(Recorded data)
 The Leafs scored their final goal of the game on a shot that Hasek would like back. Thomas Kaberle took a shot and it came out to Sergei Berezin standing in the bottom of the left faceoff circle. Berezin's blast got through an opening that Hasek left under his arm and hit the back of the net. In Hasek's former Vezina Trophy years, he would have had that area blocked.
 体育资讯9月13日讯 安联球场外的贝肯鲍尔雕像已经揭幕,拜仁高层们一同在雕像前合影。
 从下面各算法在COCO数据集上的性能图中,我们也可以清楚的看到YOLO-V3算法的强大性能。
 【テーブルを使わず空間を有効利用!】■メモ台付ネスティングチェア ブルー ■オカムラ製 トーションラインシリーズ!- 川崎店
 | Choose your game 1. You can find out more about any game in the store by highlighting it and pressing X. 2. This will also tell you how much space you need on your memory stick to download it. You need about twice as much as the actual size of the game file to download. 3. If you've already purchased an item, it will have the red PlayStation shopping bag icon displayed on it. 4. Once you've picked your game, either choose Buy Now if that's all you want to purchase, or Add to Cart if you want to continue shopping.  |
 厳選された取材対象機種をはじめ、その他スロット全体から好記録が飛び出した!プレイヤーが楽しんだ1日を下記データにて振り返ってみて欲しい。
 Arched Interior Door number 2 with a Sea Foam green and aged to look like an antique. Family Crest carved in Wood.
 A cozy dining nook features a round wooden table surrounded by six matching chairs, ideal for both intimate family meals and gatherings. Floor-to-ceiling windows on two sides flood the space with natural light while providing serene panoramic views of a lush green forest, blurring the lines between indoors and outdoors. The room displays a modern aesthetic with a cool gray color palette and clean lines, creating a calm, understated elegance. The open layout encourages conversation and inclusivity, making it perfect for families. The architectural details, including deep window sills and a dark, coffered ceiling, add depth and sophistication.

TASK GOAL:
Exactly the lines from the start of the entries through the one bearing "ブルー ■オカムラ製 トーションラインシリーズ!- 川崎店" are to be output, with both ends included.

RESPONSE TO THIS TASK:
 The Leafs scored their final goal of the game on a shot that Hasek would like back. Thomas Kaberle took a shot and it came out to Sergei Berezin standing in the bottom of the left faceoff circle. Berezin's blast got through an opening that Hasek left under his arm and hit the back of the net. In Hasek's former Vezina Trophy years, he would have had that area blocked.
 体育资讯9月13日讯 安联球场外的贝肯鲍尔雕像已经揭幕,拜仁高层们一同在雕像前合影。
 从下面各算法在COCO数据集上的性能图中,我们也可以清楚的看到YOLO-V3算法的强大性能。
 【テーブルを使わず空間を有効利用!】■メモ台付ネスティングチェア ブルー ■オカムラ製 トーションラインシリーズ!- 川崎店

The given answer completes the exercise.